PubMed | Suzhou Kowloon Hospital, Xuzhou Medical College, Emory University and Soochow University of China
Type: | Journal: Brain research | Year: 2016
5-hydroxymethylcytosine (5hmC) is considered as a novel DNA modification and plays an important role in cancer, stem cells, and developmental diseases. In this study, we demonstrated the existence of RNA 5hmC modification in mouse brain RNA by using a dot blot analysis method. Our data indicated that 5hmC modification in RNA samples was less than that in DNA samples. Further, we optimized the conditions for 5hmC detection in RNA samples such as DNase treatment, denature reagents, denature time, sample air-dry time, and the cross-linking time between RNA and membrane. Our results demonstrated that DNase treatment and denature reagents were two important factors that affected the 5hmC detection in RNA samples.
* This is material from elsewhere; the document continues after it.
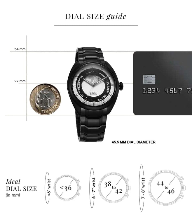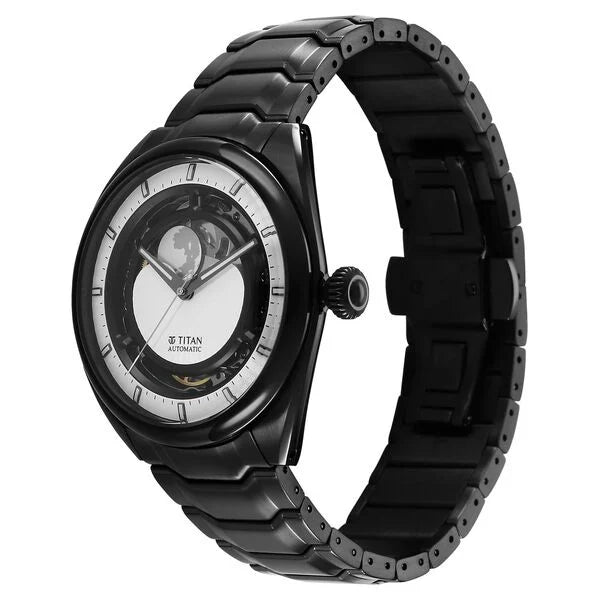 A must-have timepiece for all the watch aficionados, this men's Analog watch from the collection by Titan will be a perfect pick. The white round dial is protected by a Sapphire Glass. It features a crown for time adjustment. The stainless steel strap comes in a black hue that further elevates the look of the timekeeper. Besides, it is completed with a push button clasp to ensure a secure fit on the wrist.

By using the optimal conditions for RNA 5hmC detection, we found that the brainstem, the hippocampus, and the cerebellum had high levels of 5hmC modification and 5mC modification in RNA. Finally, we found that RNA 5hmC modification decreased in MPTP-induced Parkinsons disease model in mice. These suggest that 5hmC modification in RNA might play an important regulative role on protein or microRNA expression in these brain tissues. Because DNA 5hmC modification plays an important role in neural differentiation and development as well as neurological diseases, the significance of 5hmC modification in RNA in different neurological diseases needs further investigation. In summary, our study demonstrated for the first time the abundance of 5hmC modification in brain RNA by using a dot blot analysis method and proved that dot blot analysis is a useful method for 5hmC detection in RNA samples.